Radiopharm Theranostics (ASX: RAD) has dosed the first patient in its BetaBart trial, marking a significant clinical milestone for the company’s lead radiotherapeutic candidate. The First-In-Human (FIH) Phase 1/2a trial of 177Lu-BetaBart (RV-01) represents the first radiotherapeutic agent developed by Radiopharm Ventures, a joint venture between Radiopharm and The University of Texas MD Anderson Cancer Center, to reach clinical testing.
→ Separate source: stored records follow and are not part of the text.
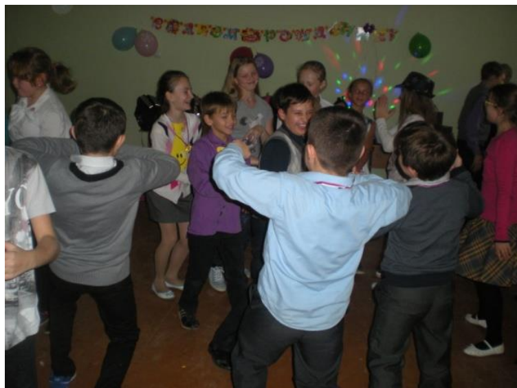
Путешествие в страну Имениню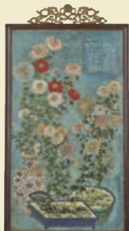
■ 乾隆拍絲珠琅御製詩洋菊圖掛屏

雜項方面，除了斯普非博物館委託的一批拍絲珠琅器之外，還有一件德國私人珍藏的「乾隆拍絲珠琅御製詩洋菊圖掛屏」同樣精彩。該掛屏高142.5cm，寬83.5cm，體積碩大。掛屏通體拍絲珠琅瑯瑯，藍色瑯瑯為地，拍絲錦地上飾九秋圖，圖中描繪長方花盆及海棠式花盆，盆上盛開的菊花艷麗奪目，方盆上還點綴有寶石。後左有一白底青花瓶，滿插舒展茂盛的紅白菊花多株。右上方鑲嵌乾隆御製洋菊詩。掛屏上方的雙龍捧日掛鉤，還保留着昔日的宮廷之風撲面而來，氣派強大。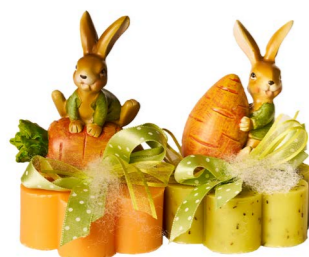
Cod: 7626/Ar Des: Sapone coniglio carota arancione Note: 8x8x8,5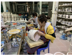
Làng gốm Bát Tràng yên bình giữa mùa dịch COVID-19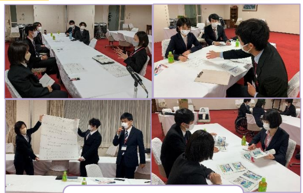
ディスカッション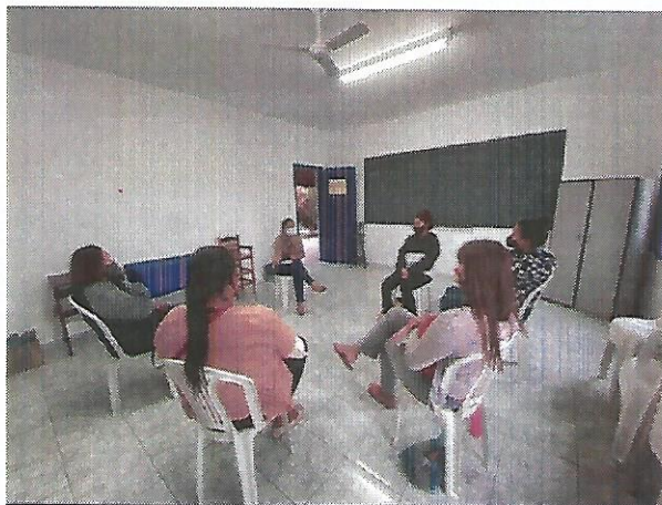
Atividade socioeducativa. Data: 15/09/2022.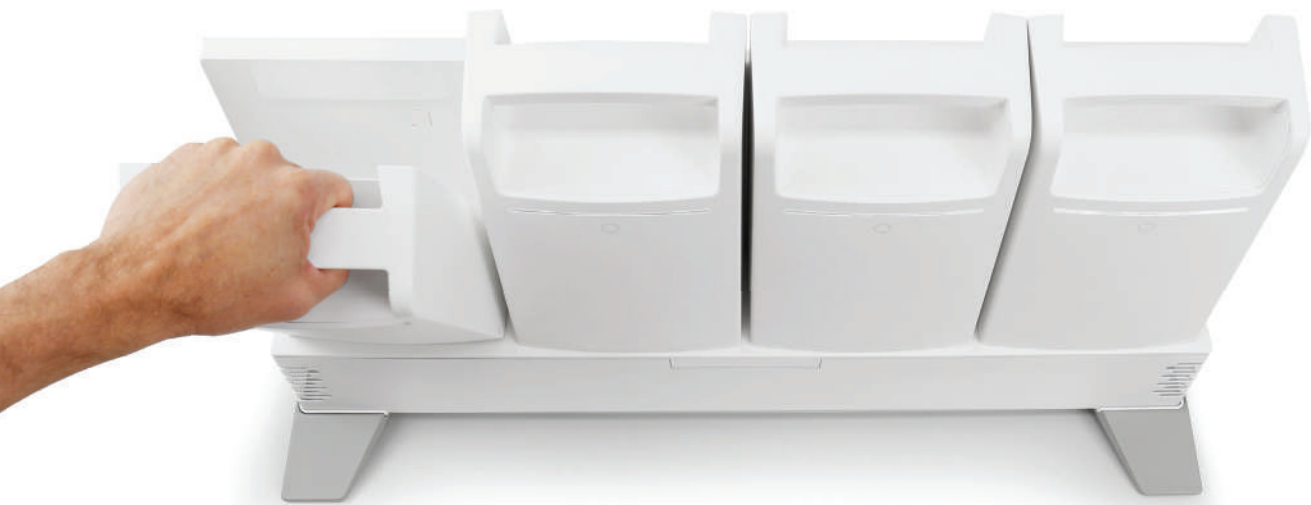
LiFeKinnex 4-Fach-Ladegerät (Desktop)

Ein energiereicher Arbeitsablauf auf den Sie sich verlassen können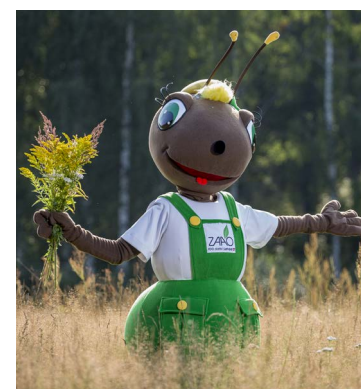
SIA "ZAAO" skudra Urda.

Kā ierasts, ir iespēja piedalīties arī otrreizējo materiālu vākšanas akcijā "Dabai labu darīt". Ikgadēji akcijas "Dabai labu darīt" balvu fondu nodrošina AS "Latvijas Zaļais punkts". Kopumā konkursu dalībnieki saņems balvas par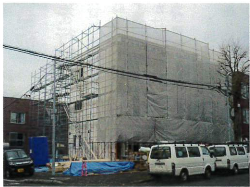
躯体が立ち上がった現場 (昨年12月撮影)

単身者向け1LDKが6世帯のアパートですが、全戸リビングルームが約10帖の広さで、約3帖のキッチンと6帖の洋室という間取りです。洋室には奥行きのあるウォークインクローゼットが設けられており、階段室のトランクルームや玄関のシューズボックスなど収納が充実しているのも、こちらのアパートの特徴です。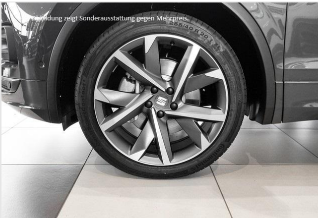
Abbildung zeigt Sonderausstattung gegen Mehrpreis.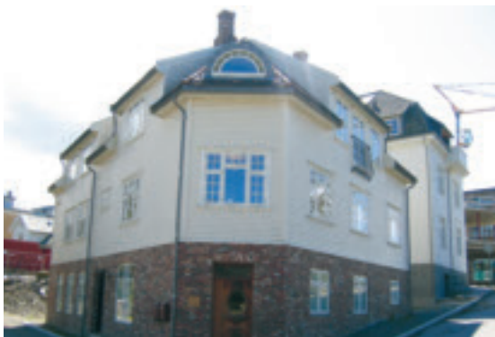
j. Nerdal - bustad- og kontorbygg i Bryne sentrum, gnr. 1/173. "Haualandshuset", etter tidlegare eigar, vart bygd i 1918. Teikna og bygd av byggmeister Reier Time. Tidlegare husvære, frisørsalong og kafe, nå kontor og utleigehusvære. Gjennomgåande restaurert av Reier Carlsen. Kulturvernprisen 2003. SOB.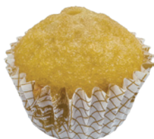
日式橘子磅蛋糕 96入/盒 (18g) 素宅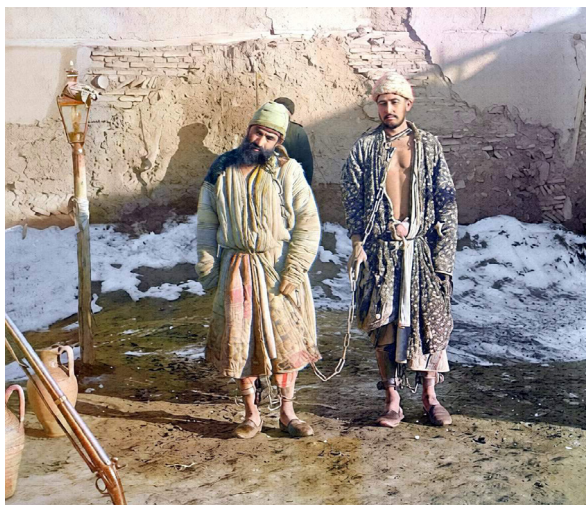
Рис. 4. Скованные узники. Бухара 1

вал кирпичный завод и пр. Однако вместо прибыли эти начинания нередко приносили чистый убыток. Очевидно, что любые работы с участием криминального контингента могли быть успешными лишь в присутствии надежной охраны. В пенитенциарных учреждениях среднеазиатского региона это было слабое звено. В частности, приводится пример, когда «военный караул отказался исполнять требование начальника тюрьмы о заключении буйствующего арестанта в темный карцер, объяснив это следующими словами: «Как же мы можем войти в камеру, когда их там много, а нас мало, они у нас отберут винтовки»» [11, с. 206]. Вскрывались и случаи подкупа тюремных и полицейских чинов, в результате которых совершались побеги осужденных, либо неправомерное освобождение подсудимых.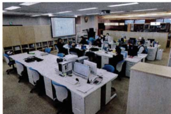
写真1 『あおぞら診療所・墨田』。着席のまま全員のカンファレンスが行えるスタッフスペース

新生児医療における救命治療の進歩に伴い、人工呼吸器などの医療機器に依存せざるを得ない子どもが増えているが、超重症児は長期入院を続けるか、自宅で家族による介護で療養するのだが、その場合家族の疲弊や子どもの症状悪化などによる入退院が繰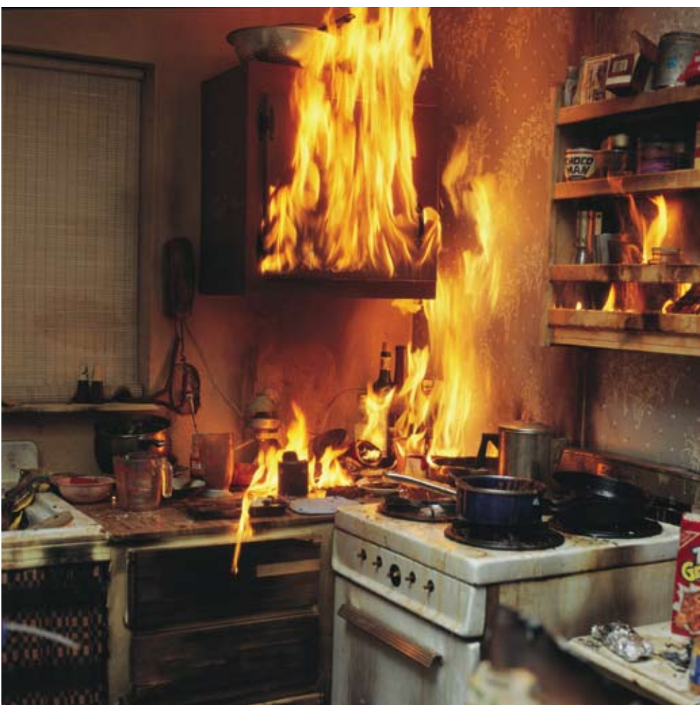
PATRICK JOLLEY/REYNOLD REYNOLDS, Burn. Video 10'31". 2002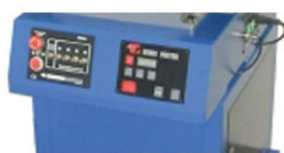
Micro registos de impressão com ajuste na mesa de colocação de peça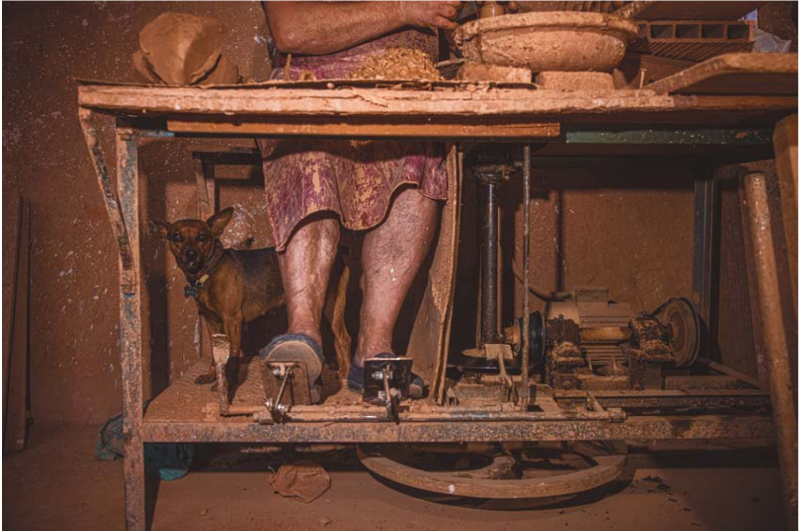
MIGA. Dibond 90 x 60 cm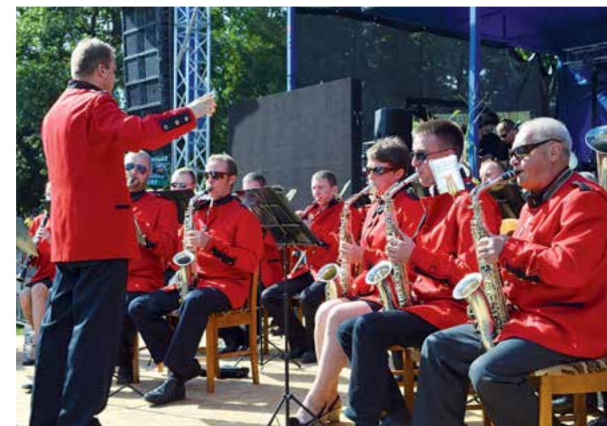
Uroczystość dożynkową uświetnił występ Orkiestry Dętej przy Gminnym Ośrodku Kultury w Dzierżąnej wraz z Orkiestrą Dętą Ochotniczej Straży Pożarnej w Brzezinach

Od lata do wiosny rządzą Panie ze Wsi Ciosny. Na stoisku Sołectwa Ciosny można było się nie tylko posilić, ale również wzmocnić regionalnym napitkiem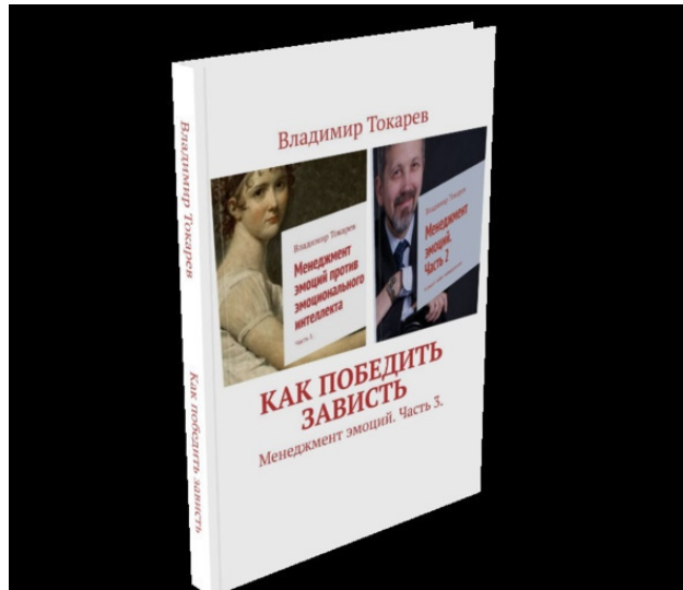
Рис. 8. Книга, которая будет бонусом для спонсоров проекта.

Итак, проект выполнен. Все книги изданы. Но, однако, эмоции остались. Тогда было принято решение издать для спонсоров проекта еще одну книгу – по управлению завистью – она идет дополнительным бонусом ко всем вознаграждениям.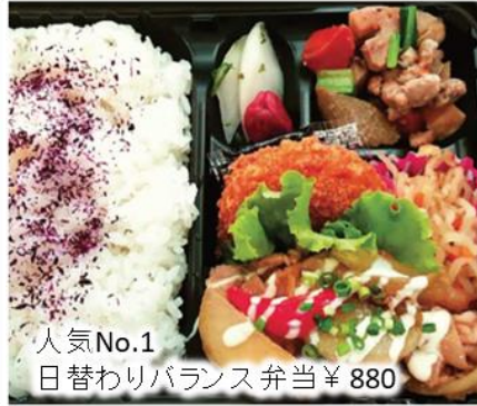
人気No.1 日替わりバランス弁当 ¥880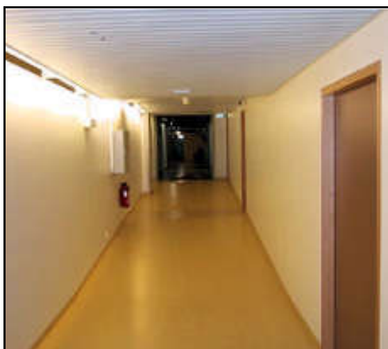
Gangur að loknum framkvæmdum.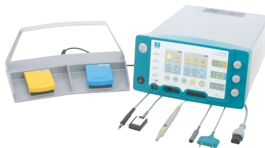
[réf. 87 00 10] CURIS® générateur de radiofréquence 4 MHz

Set de base avec électrodes neutres à usage unique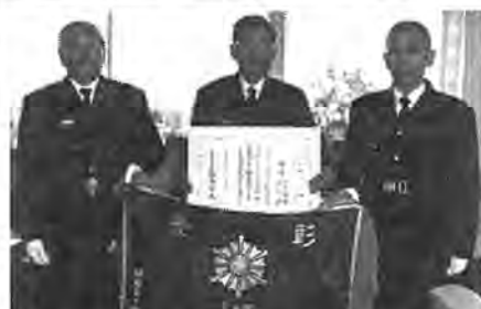
消防庁長官から贈られた表彰旗

報告に市役所を訪れた関係者は「団員、職員などが一丸となって消防力を向上させてきたことが認められうれしい。この表彰を機にさらに市民の財産・生命を守る消防機能を充実させたい」と語りました。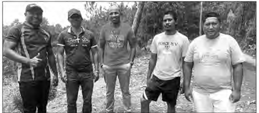
Les présidents des ligues insistent sur l'organisation d'une AG Extraordinaire.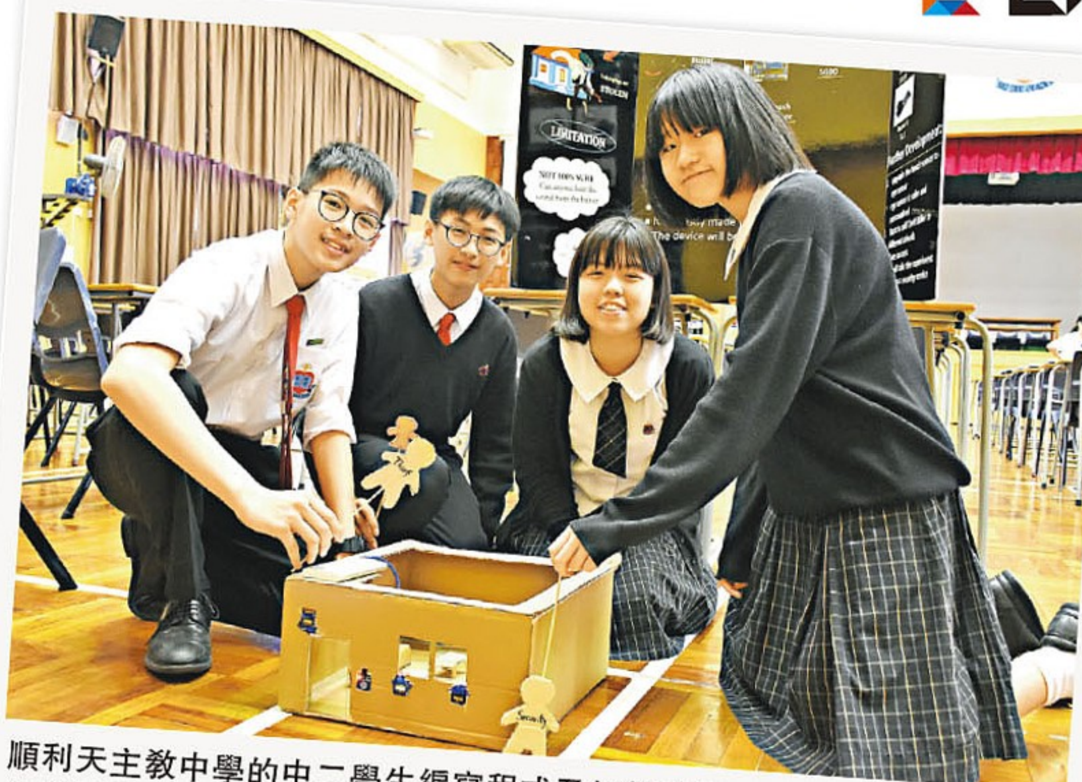
順利天主教中學的中二學生編寫程式及設計產品，解決生活的難題。學生更要學習應對老師對產品的質疑，考驗應對能力。圖中學生的作品為「課室防盜裝置」。

長者記性較差、「低頭族」易生交通意外，這些都是日常生活中常見的問題，順利天主教中學的中二學生以創意編寫程式及設計產品，以科技一一解決這些困難。對他們而言，設計產品不只講求技術，更需要良好的溝通能力，因為他們都要充當「金牌 Sales」，向各嘉賓及教師推銷其產品。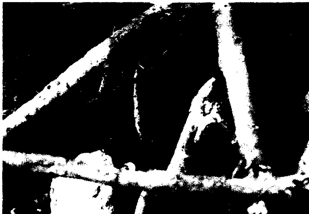
Figura 3. Area de manglar donde se extraen moluscos y crustáceos. Isla Juan Venado, León, 2002.

Los recolectores de moluscos y crustáceos trabajan de forma independiente, el producto extraído lo venden al final de la jornada a un intermediario que cuenta con infraestructura para su distribución en el mercado de León y, ocasionalmente, en Managua. Las larvas de camarón se venden a otro intermediario que las cultiva.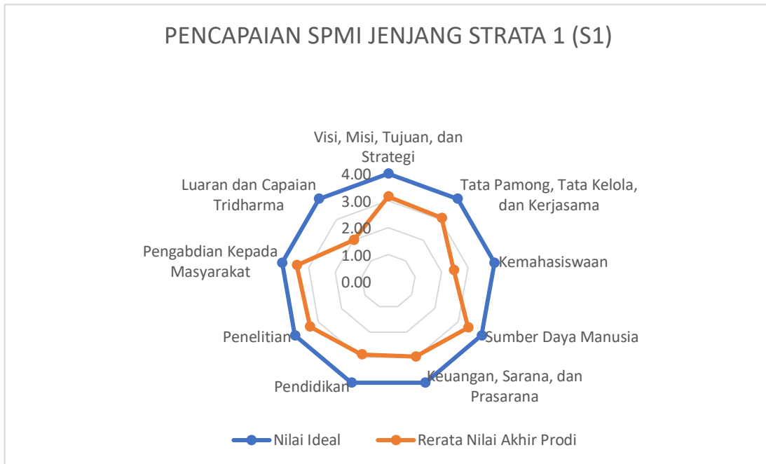
Gambar 1: Hasil Pencapaian SPMI Jenjang S1

Nilai capaian tertinggi standar (kriteria) dalam SPMI pada jenjang Sarjana (S1) adalah 3.45 yakni pengabdian kepada masyarakat. Sedangkan nilai capaian terendah standar (kriteria) dalam SPMI pada jenjang Sarjana (S1) adalah 2.00 yakni luaran dan capaian tridharma.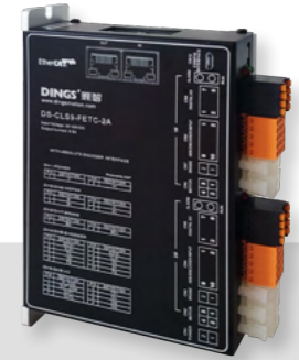
[ A=ABS 엔코더 / Biss-C type ] DS-CLS9-FETC-2A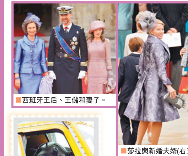
西班牙王后、王儲和妻子。

美國民眾當然亦不錯過盛事,婚禮在美國東岸時間凌晨4時開始,不少人天色未亮便起床觀看直播,餐廳和酒吧掛滿英國國旗,連雞尾酒名稱也別具王室特色。在印第安納波利斯,市民巴尼特把客廳裝飾得活像婚禮教堂,兩旁排滿椅子,賓客得穿上印有威廉和凱特肖像的衣服。 位於南半球的澳洲和新西蘭亦不遑多讓,民眾昨日與高爾烈慶祝王室婚禮,《澳洲人報》稱「灰姑娘童話進荷里活都」垂涎三尺」。有同性戀者在悉尼舉行同性王室婚禮派對,寓意同性戀者亦能尋得真愛。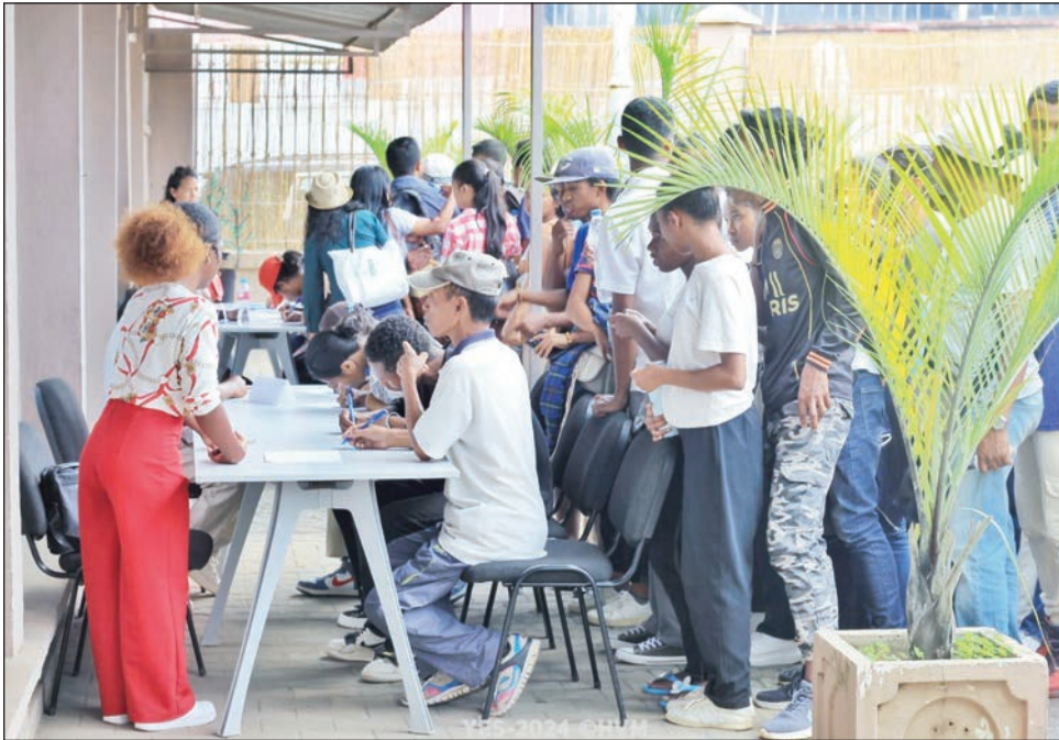
Ireo tanora nisoratra anarana teny Andraharo.

Hanome fampianarana teny anglisy ny tanora liana amin'izany ny antoko HVM : Hery Vao-vaon'i Madagasikara. Maro sahadry no tonga nisoratra anarana amin'izany fampianarana teny anglisy "YES andiany 2024" izany. Ho an'ireo izay mbola maniry hisitraka ny fampianarana dia isaky ny alarobia ny fandraisana ny fisoratana anarana eny amin'ny QG HVM ANDRAHARO. Tombony lehibe ho an'ny tanora malagasy ny fisian'ny fampianarana tahaka izao, satria manampy be amin'ny fidirana amin'ny sehatry ny asa. "Haren-tsaina, fahaizana amam-pahalalana hanampy anao tanora hanana ny maha ianao anao sy hidiranao amin'ny sehatry ny asa, izay no atolotro ho anao fa tsy sanatria sombimofo tsy mahavita taona

Radiopharm Theranostics doses first patient in BetaBart Phase 1/2a trial
The Phase 1/2a dose escalation and expansion trial is designed to evaluate the safety, biodistribution and radiation dosimetry of 177Lu-BetaBart, alongside its preliminary anti-tumour activity. The study aims to enroll 61 participants across multiple solid tumour types and will determine the recommended dosing regimen for future clinical studies.
The U.S. Food and Drug Administration (FDA) granted Investigational New Drug (IND) clearance for BetaBart (RV-01) on 28 July 2025, enabling the trial to proceed under identifier NCT07189871. BAMF Health is administering the treatment as part of the clinical programme.
177Lu-BetaBart is a lutetium-177-tagged engineered monoclonal antibody designed with strong affinity for the 4Ig isoform of B7-H3, an immune checkpoint molecule overexpressed across several tumour types. The therapy delivers targeted radiation to cancer cells expressing this specific protein variant.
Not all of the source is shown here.